- HubPages»
- Books, Literature, and Writing»
- Commercial & Creative Writing»
- Creative Writing»
- Humor Writing
Potato Salad in Red
Kitchen Cyclone
My Sweet Baboo suffers terribly in the heat of Western Washington. Those 85 degree temperatures can be brutal to someone who has lost their heat resistance after nearly 5 years in residence in a climate that consists largely of drizzle and mild cold. She already has heat flashes to go with her medications, various surgeries and conditions, so she is suffering mightily this summer.
My wife also believes that if she is miserable, everybody must be miserable whatever they might say to the contrary.
I was making potato salad for the 4th of July (and doing it wrong, of course). There is a swamp cooler in the kitchen blowing in a generally southerly direction and a small fan in the window blowing generally westerly. Together they make a nice southwesterly draft that carries the cool air past me as I work. There is a third fan at the edge of the living room which I have pointed in a westerly direction to carry the cool breeze on through the rest of the house.
My wife has this theory that if you point two fans directly at each other things will be twice as cool.
So when she looked in a few minutes ago and decided I looked overheated, acting on her theory of double coolness, she turned the big west-facing fan around to the northeast pointed directly at me a few feet away and straight at the other two fans creating an invisible vortex around me of which I was blissfully unaware. I was adding spices to the potato salad at the time.

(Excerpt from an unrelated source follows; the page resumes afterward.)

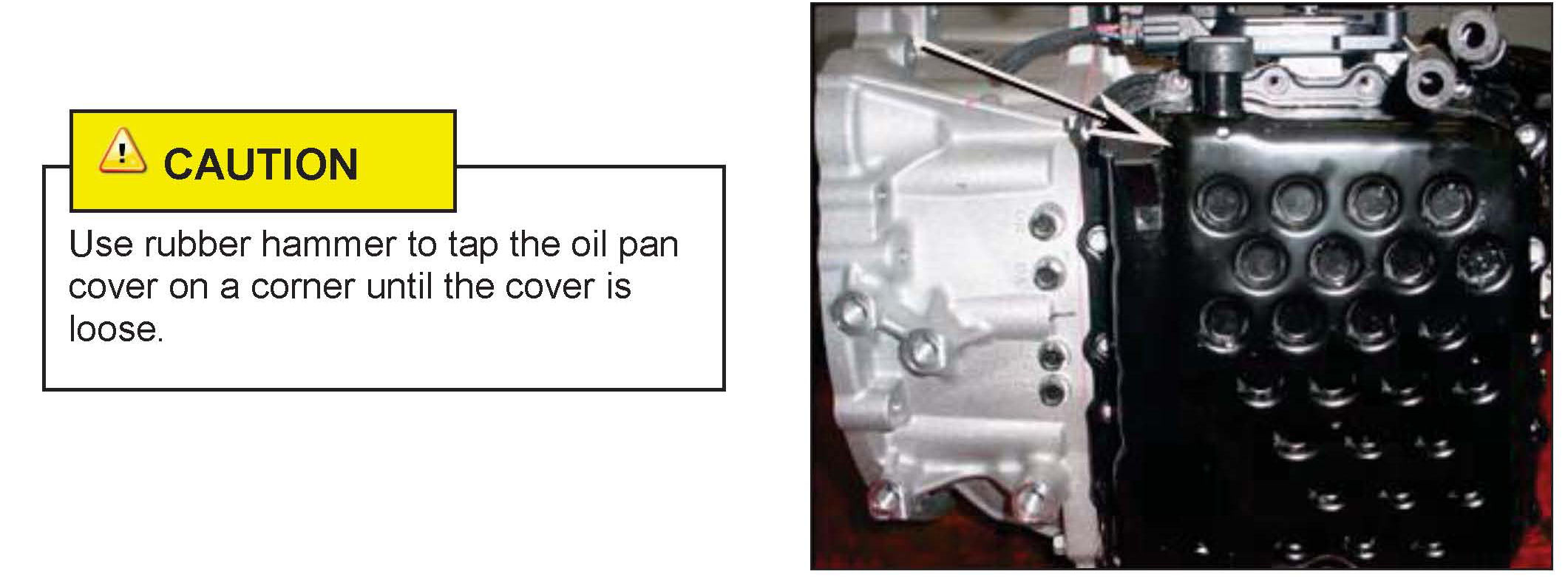 Disconnect the vent hose at the top of the oil pan.

Having been raised in Texas I am mostly impervious to heat or temperature change and when I'm working on something you could have set fire to the place and I really wouldn't have noticed. So I didn't - that is until I went to add a touch of paprika to the taters - at which point a sudden tornadic swirl of red paprika rose up in front of my face. In fascination I watched the little red cyclone take a couple or three swirls and then break apart, half of it sailing off across the kitchen and a generous portion of the lower half collapsing into the potato salad bowl.
Paprika is red.
And now so is my potato salad - a nice pinkish shade of red.
Sheila looked in a few minutes later.
"Potato salad isn't supposed to be red," she commented. "That's not MY recipe!"
That is how holiday legends are born and somehow it will be the "Dad's Red Potato Salad" incident and will give much hilarity to my offspring, friends and relations.
I tried to brush it off. "I'm a very funny guy," I said.
"It would be nice if it was on purpose," the household's other resident wit shot back without hesitation.